"Fourier Concentration from Shrinkage"

Russell Impagliazzo

(UCSD)

Monday, February 3rd, 2014, 2:00pm

EBU3B, Room 4140

Abstract:

For Boolean functions computed by de Morgan formulas of subquadratic size or read-once de Morgan formulas, we prove a sharp concentration of the Fourier mass on ``small-degree'' coefficients. For a Boolean function f:{0,1}^n->{1,−1} computable by a de Morgan formula of size s, we show that

\sum{\hat{f}(A)^2 : A \subseteq [n], |A|>s^{1/Gamma + epsilon}} <= -exp(−s/3)
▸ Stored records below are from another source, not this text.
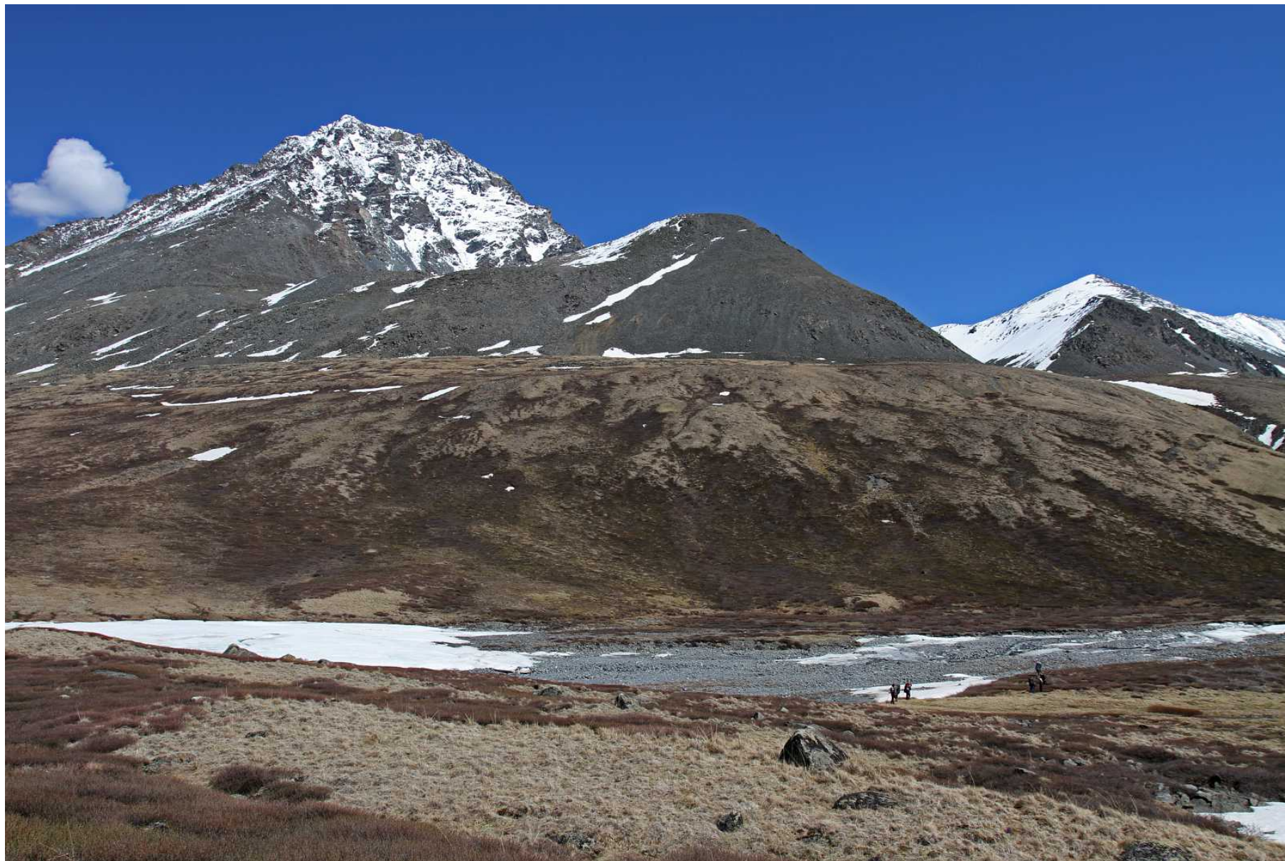
Фото 100. Выход к Правому Караююку. Впереди – путь к перевалу Рубцовский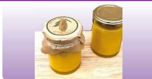
とうもろこしジャム 125g ¥540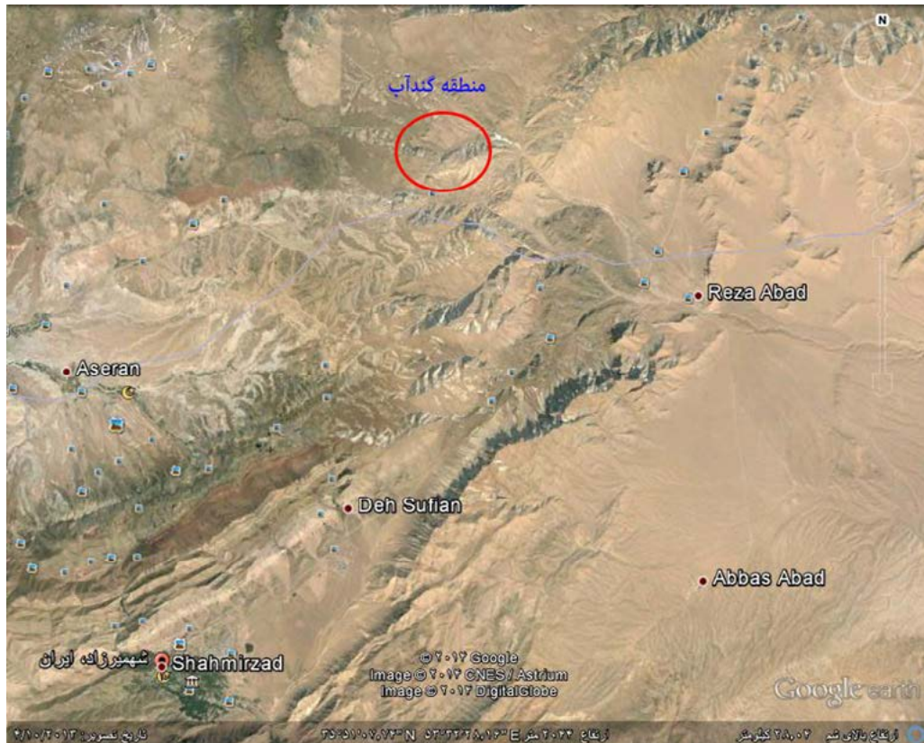
تصویر ۱. تصویر ماهواره‌ای از منطقه.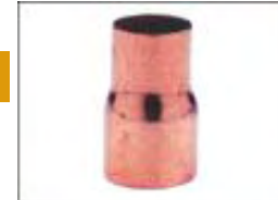
Reducción HH 240/Manchon FF réduit 240/Reducing Coupler FF 240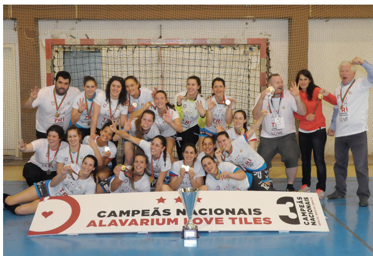
O Alavarium fez a (justa) festa do título em casa

E consegui-o. O jogo de ontem foi a prova disso mesmo.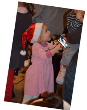
La joie de nos petits Lutins pour la distribution des cadeaux

where Gamma is the shrinkage exponent for the corresponding class of formulas: Gamma=2 for de Morgan formulas, and Gamma=3.27 for read-once de Morgan formulas. We prove that this Fourier concentration is essentially optimal. As an application, we get that subquadratic-size de Morgan formulas have negligible correlation with parity, and are learnable under the uniform distribution, and also lossily compressible, in subexponential time. We also prove that the average sensitivity of a read-once function f on n variables is at most n^{1/Gamma+o(1)}, and is at least Omega(n^{1/Gamma}) .

Joint work with Valentine Kabanets (paper link http://eccc.hpi-web.de/report/2013/163/)